I would suggest using Notepad++ rather than Windows Notepad for this, as it makes it a lot easier to see what you're doing.. but even without using Notepad++ it's just a couple minutes work all up.

That sounds a lot more difficult than setting "ControlPort 9051" in torrc and running

#!/bin/bash
(echo authenticate '""'; echo signal newnym; echo quit) > /dev/tcp/localhost/9051

But whatever works for you, go with it :)

December 14, 2013

Permalink

sha256sums.txt signed with key 0x1E8BF34923291265... Is this a new signing key?

$ gpg --verify sha256sums.txt.asc

  • gpg: armor header: Version: GnuPG v1.4.12 (GNU/Linux)
  • gpg: assuming signed data in `sha256sums.txt'
  • gpg: Signature made Thu 12 Dec 2013 03:10:16 PM UTC
  • gpg: using RSA key 0x1E8BF34923291265
  • gpg: Can't check signature: public key not found
  • sha256sums.txt signed with key 0x1E8BF34923291265... Is this a new signing key?

    Follow these steps:

    1. Import Mike Perry's keyfile whose fingerprint is C963 C21D 6356 4E2B 10BB 335B 2984 6B3C 6836 86CC

    (In one of Tor's web pages, it is stated that Mike Perry is responsible for signing TBB 3.x series)

    2. Surf to https://archive.torproject.org/tor-package-archive/torbrowser/3.5rc1/ and download the following files: sha256sums.txt, sha256sums.txt.asc and sha256sums.txt.mp-asc

    Do not forget to download the TBB corresponding to your OS.

    3. Verify sha256sums.txt.mp-asc against sha256sums.txt

    December 14, 2013

    Permalink

    torbrowser-install-3.5-rc-1_en-US.exe

    Why is this called a bundle when there Vidalia is not included in the package?

    December 17, 2013

    In reply to arma

    Permalink

    To: arma or any Tor developer

    You wrote: Because there's a browser and a tor. That in essence is what a Tor Browser Bundle is

    My question: There's no Vidalia in TBB 3.5rc1. So how do I change to a new identity?
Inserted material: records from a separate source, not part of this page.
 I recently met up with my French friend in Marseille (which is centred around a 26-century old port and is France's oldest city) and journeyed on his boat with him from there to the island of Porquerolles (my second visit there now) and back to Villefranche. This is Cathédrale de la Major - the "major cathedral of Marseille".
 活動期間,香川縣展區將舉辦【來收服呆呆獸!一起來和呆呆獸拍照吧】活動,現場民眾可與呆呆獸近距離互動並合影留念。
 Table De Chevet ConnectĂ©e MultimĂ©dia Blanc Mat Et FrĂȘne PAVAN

    Click on the green onion in your TBB's taskbar, and select 'new identity'.

    Be careful though, since it will close your current tabs -- that's part of how it keeps you safe, but it's also surprising the first time it happens.

    December 20, 2013

    In reply to arma

    Permalink

    It also decreases the bundle's functionality a lot. Its poor design not to have a work around or a quick way to save the open tabs.

    Right click the tab bar, click "Bookmark all tabs", choose a name, "New Identity", then right click the folder, "Open in all tabs". Again, even this is bad for anonymity because it can repeatedly associate the same URLs with a single circuit.
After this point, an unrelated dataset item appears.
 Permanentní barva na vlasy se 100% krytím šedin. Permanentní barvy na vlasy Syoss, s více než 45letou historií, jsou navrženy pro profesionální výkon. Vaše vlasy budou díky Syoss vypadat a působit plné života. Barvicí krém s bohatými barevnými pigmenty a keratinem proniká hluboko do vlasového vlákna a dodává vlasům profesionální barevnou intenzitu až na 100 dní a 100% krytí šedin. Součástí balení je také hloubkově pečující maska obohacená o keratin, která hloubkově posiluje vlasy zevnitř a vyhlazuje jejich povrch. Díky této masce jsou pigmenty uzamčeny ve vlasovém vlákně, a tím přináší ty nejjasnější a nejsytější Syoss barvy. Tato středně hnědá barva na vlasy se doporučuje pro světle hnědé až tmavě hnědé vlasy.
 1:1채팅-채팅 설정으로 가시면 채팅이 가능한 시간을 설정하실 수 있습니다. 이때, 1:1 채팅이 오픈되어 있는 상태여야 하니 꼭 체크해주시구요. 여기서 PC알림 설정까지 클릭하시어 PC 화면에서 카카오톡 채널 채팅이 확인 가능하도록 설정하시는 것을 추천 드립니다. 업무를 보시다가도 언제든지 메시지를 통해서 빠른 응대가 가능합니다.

    Lots of repeat questions, too, it /is/ (many for which the answers could have been found in no more than a few minutes of reading/searching)

    December 15, 2013

    Permalink

    Hi, when I open Tor 3.5, it links to instructions on setting up a relay. Yet, the instructions tell me how to use Vidalia to do that.

    How do I run a non-exit relay without Vidalia? Can I do that?

    I've searched around for an answer to this, but have found nothing.

    December 15, 2013

    Permalink

    people, could someone PLEASE explain why is it that TBB3.5 can't access www.trisquel.info

    I have tried countless times now!
    On the upper hand, this version seems to be working all right, and it's very fast. NoScript and HTTPSEverywhere are working fine, no problems here. Only problem is the fact that I can't access some pages.... LIke trisquel.info =(
    Any help??

    December 16, 2013

    In reply to arma

    Permalink

    But I am able to access the website using the older versions of TorBrowserBundle.
    I don't want to say that it's impossible to be their fault (they sometimes are a real pain in the ass) but it seems to be also a problem with the new version :S

    I think it's a coincidence that you happened to get an exit not on their blacklist while using the older TBB version.

    http://ioerror.us/bb2-support-key?key=d453-9712-2b02-1b1f

    "Your IP address appeared on the third-party Project Honey Pot list as a source of spam or other malicious activity.

    To resolve this problem, first clean your computer of viruses and other malware. Then, click the link below to visit Project Honey Pot and request removal of your IP address."

    Trisquel is outsourcing their "who should I refuse to serve my website to" decisions, and it seems they made a poor decision.

    If it's not a coincidence, it probably has to do with the fact that the old TBB used an older Tor versions, which may have an impact on which exit nodes Tor chooses. They are probably blocking based on an exit list for the newest version.

    December 16, 2013

    Permalink

    What's the reason for Vidalia in TAILS - no problem ?
    Vidalia in Windows - RECENTLY big problem ?

    Now TBB 'needs' NO Vidalia, why was it 'necessary' in the past ?
    I thinks it's more than necessary if .....somebody aren't trust routes
    like US-US/DK/SW-US, SW-RU-US/DK, RU-x-RU, FR-US-FR etc.. arm is not graphical enough for most. Without this Tor users are 'blind'. Desired )-:?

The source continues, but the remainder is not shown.